L’avortement va-t-il être (bientôt ?) dépénalisé en Belgique ? A ce stade, il est impossible d’y répondre clairement entre interprétations des uns et calculs politiques des autres. Une chose est sûre toutefois : le débat éthique de fond n’a pas pu avoir réellement lieu.
Marchandage
Traditionnellement quand le Parlement devait aborder une question éthique (avortement, euthanasie, mariage homosexuel, etc.), chaque député disposait d’une liberté de conscience, hors du carcan habituel des consignes de parti. Sans doute pour la première fois, la majorité fédérale actuelle a décidé de rompre avec cette pratique, sous la pression du CD&V et de la fraction ultra-conservatrice catholique de la N-VA.
Le débat a eu le mérite d’exister pendant plusieurs semaines en commission de la Chambre, alors qu’on a longtemps cru que la majorité, voulant éviter d’étaler ses dissensions, reporterait cette délicate question aux calendes grecques. De nombreux experts ont été entendus. Pratiquement tous, même ceux issus de la KUL ou de l’UCL, plaidaient non seulement pour une dépénalisation totale de l’avortement mais aussi pour réduire le délai de réflexion ou allonger le délai à 18 semaines comme aux Pays-Bas.
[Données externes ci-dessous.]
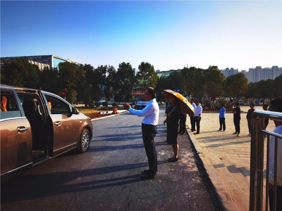 检查结束后学校领导及后勤服务中心人员与检查组告别

Les échanges se sont voulus constructifs, mais au moment de conclure, les marchandages politiques ont repris le dessus, imposant un compromis minimaliste sous pression de la fraction catholique conservatrice de la coalition fédérale, très loin de tout ce que les acteurs de terrain pouvaient prôner.
Symbolique et toujours pénalisé
Dès lors, plutôt que de déposer un texte sur base des travaux parlementaires, les principaux ténors de la majorité se sont mis discrètement d’accord sur un texte… qui n’existe pas encore ! Il faut donc se limiter aux déclarations des uns et des autres.
Si l’avortement semble bel et bien sorti du Code Pénal, toute femme qui enfreindrait le délai de réflexion de six jours ou recourrait à un avortement au-delà de 12 semaines serait toujours sanctionnée… pénalement ! A présent, entre un mois et un an de prison.
De plus, eu regard à cette mini-avancée, le CD&V obtient "en échange" le soutien à sa volonté d’accorder au fœtus un statut particulier. Un premier pas vers une restriction du droit d’avorter pour les femmes, prédisent les détracteurs.
Le véritable débat sur la dépénalisation a finalement été confisqué. La cohésion de la majorité était à ce prix et tant pis pour l’éthique ou la condition de la femme.